Together – no one minds when “together” means eating ice cream, watching a great movie, opening presents. Together falls by the wayside when the activity isn’t fun, like when it comes to taking out the garbage or managing family finances. If it was your spouse who managed the money, the pain of loss can be magnified by money worries and the unease that comes with knowing there is a looming job to be done that you just haven’t gotten around to yet. Is investment management on that list? In our series on how to manage finances after the death of a spouse, we’re exploring tips from FINRA, a reliable financial source. Today, Tip 8: Your Investments.

Hire a Professional – Human or Robot

If you already have a financial professional and you are comfortable with him or her, there is no need to change.
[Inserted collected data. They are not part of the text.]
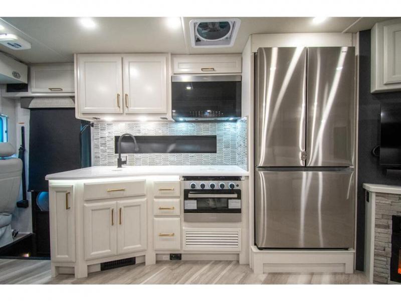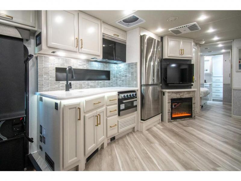 With any Bounder Class A gas motorhome by Fleetwood, you can travel in luxury and style with the power you desire to enjoy the ride as much as the destination. Beginning with the Power Platform Ford chassis, the enhanced safety features such as remote, power-heated mirrors with turn indicators and side cameras, and the color monitor for side and rear cameras, traveling is made easy. There is also an automotive one-piece windshield, a 100W solar panel, and WiFi Ranger Sky4 that come standard. A 5.5kW Onan generator will keep you powered up and you'll find plenty of storage both inside and out for personal belongings, camp gear, and more. Inside you will love the look of the durable, hand-laid Tarkett flooring, the energy efficient LED flush mount ceiling lighting, and the fiberglass shower with a glass door. Choose a Bounder Class A gas coach to discover even more stand-out features!
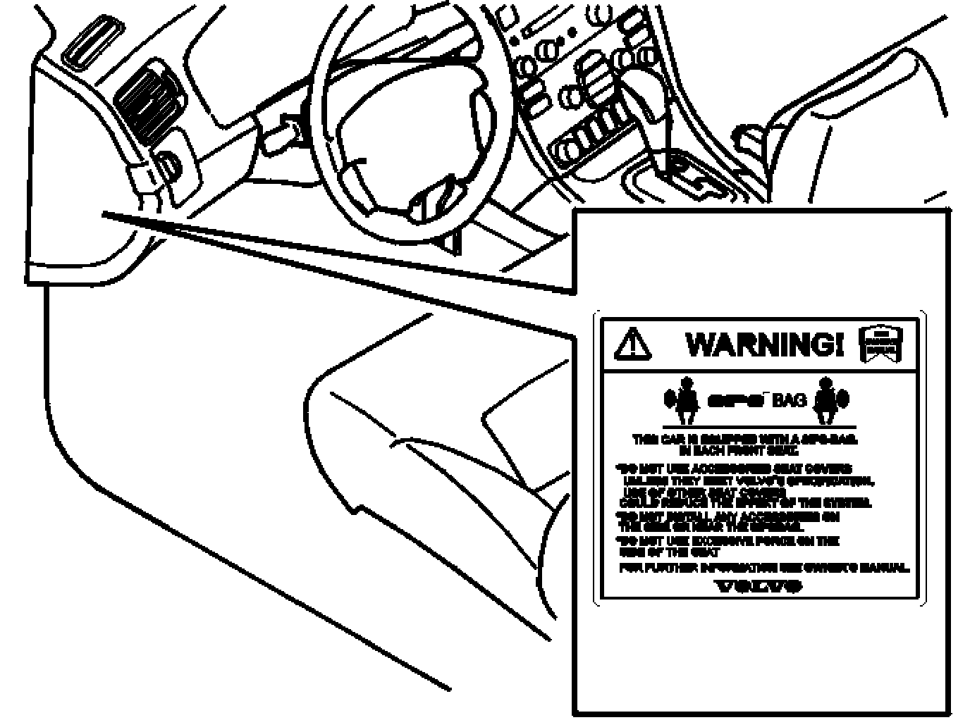 The decal warns against using seat covers that do not meet Volvo specifications for the front seats.
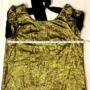 Gently used, excellent condition, Brand and Size tag are missing, based on measurements, it is closest to a Women's size Medium, festive metallic gold, lightweight, ruffle detail on sleeves/shoulder, black tie in back, would pair nice with pants or skirt, night out, party, please see pictures for approximate measurements, 100% polyester, machine wash or hand wash cold

That person or firm can be a great source of help and comfort during this difficult and confusing time.

However, if your spouse did everything on his or her own, and now you want help, you’ll want to do your homework in finding an investment professional. How can you find a financial advisor or planner who you can trust? Unfortunately, there are no fool-proof ways to guarantee honesty…or compatibility. Even so, you can do your homework to make sure you avoid advisors who have already behaved in unethical or criminal ways, and you can get references to see what current clients – and prior clients – think about that financial professional. The U.S. Securities and Exchange Commission’ investor site explains the value of BrokerCheck where you can look up the record of a broker or advisor at the BrokerCheck website. Although this site is extremely helpful, it won’t tell you if a financial professional is shady or too risky for you. That is a decision you have to make for yourself.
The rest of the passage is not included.